→ **What you have to do**
Print each entry precisely; exclude the pictures.

**** Task data ****

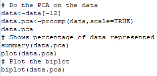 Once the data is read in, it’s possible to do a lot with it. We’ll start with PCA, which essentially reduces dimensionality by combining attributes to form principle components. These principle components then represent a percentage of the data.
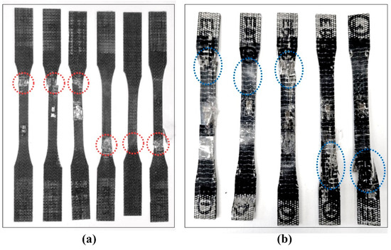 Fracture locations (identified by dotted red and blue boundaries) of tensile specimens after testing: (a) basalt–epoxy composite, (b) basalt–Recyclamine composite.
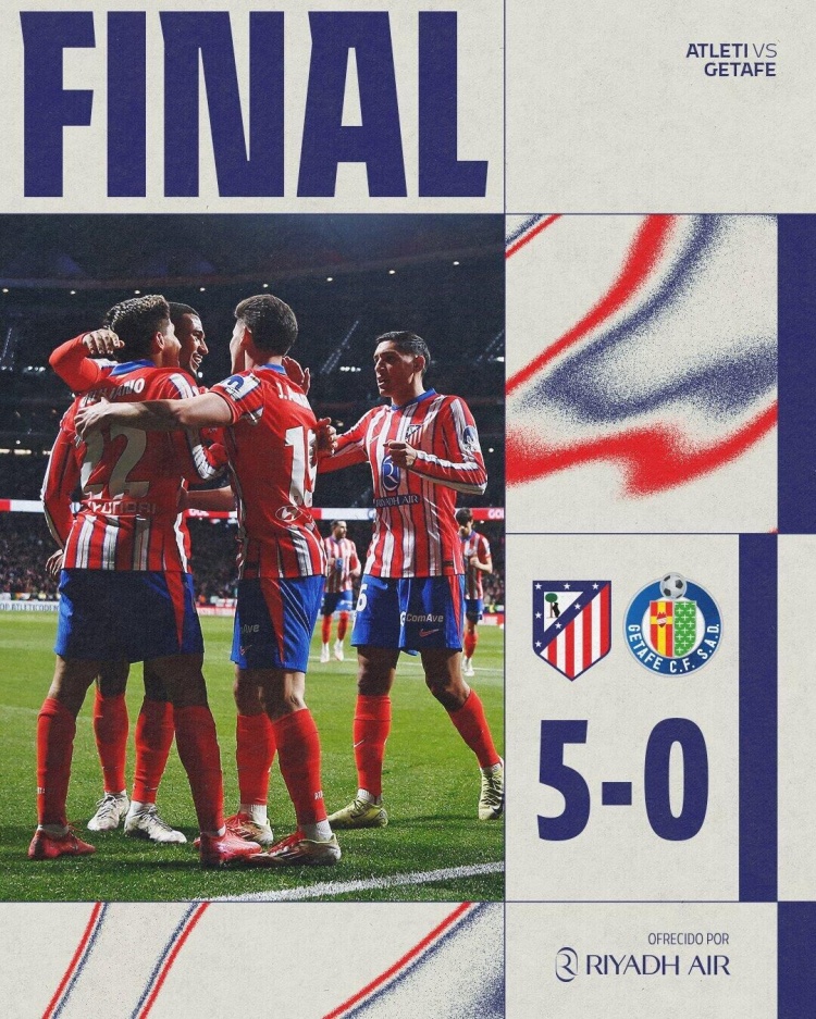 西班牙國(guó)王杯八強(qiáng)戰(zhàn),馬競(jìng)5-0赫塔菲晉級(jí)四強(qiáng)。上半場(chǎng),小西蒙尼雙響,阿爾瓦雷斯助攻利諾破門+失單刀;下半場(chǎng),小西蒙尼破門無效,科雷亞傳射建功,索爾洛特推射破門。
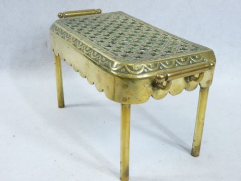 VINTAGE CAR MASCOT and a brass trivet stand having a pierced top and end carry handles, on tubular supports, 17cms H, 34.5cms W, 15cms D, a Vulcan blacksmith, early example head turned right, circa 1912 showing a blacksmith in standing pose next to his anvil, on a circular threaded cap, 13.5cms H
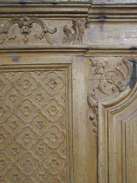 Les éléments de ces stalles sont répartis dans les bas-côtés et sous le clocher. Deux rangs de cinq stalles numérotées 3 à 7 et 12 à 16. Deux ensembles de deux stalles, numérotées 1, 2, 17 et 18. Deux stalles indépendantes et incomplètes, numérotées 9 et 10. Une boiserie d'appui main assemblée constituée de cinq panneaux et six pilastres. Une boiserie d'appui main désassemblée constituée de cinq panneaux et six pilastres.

****

→ **Task output**
 Once the data is read in, it’s possible to do a lot with it. We’ll start with PCA, which essentially reduces dimensionality by combining attributes to form principle components. These principle components then represent a percentage of the data.
 Fracture locations (identified by dotted red and blue boundaries) of tensile specimens after testing: (a) basalt–epoxy composite, (b) basalt–Recyclamine composite.
 西班牙國(guó)王杯八強(qiáng)戰(zhàn),馬競(jìng)5-0赫塔菲晉級(jí)四強(qiáng)。上半場(chǎng),小西蒙尼雙響,阿爾瓦雷斯助攻利諾破門+失單刀;下半場(chǎng),小西蒙尼破門無效,科雷亞傳射建功,索爾洛特推射破門。
 VINTAGE CAR MASCOT and a brass trivet stand having a pierced top and end carry handles, on tubular supports, 17cms H, 34.5cms W, 15cms D, a Vulcan blacksmith, early example head turned right, circa 1912 showing a blacksmith in standing pose next to his anvil, on a circular threaded cap, 13.5cms H
 Les éléments de ces stalles sont répartis dans les bas-côtés et sous le clocher. Deux rangs de cinq stalles numérotées 3 à 7 et 12 à 16. Deux ensembles de deux stalles, numérotées 1, 2, 17 et 18. Deux stalles indépendantes et incomplètes, numérotées 9 et 10. Une boiserie d'appui main assemblée constituée de cinq panneaux et six pilastres. Une boiserie d'appui main désassemblée constituée de cinq panneaux et six pilastres.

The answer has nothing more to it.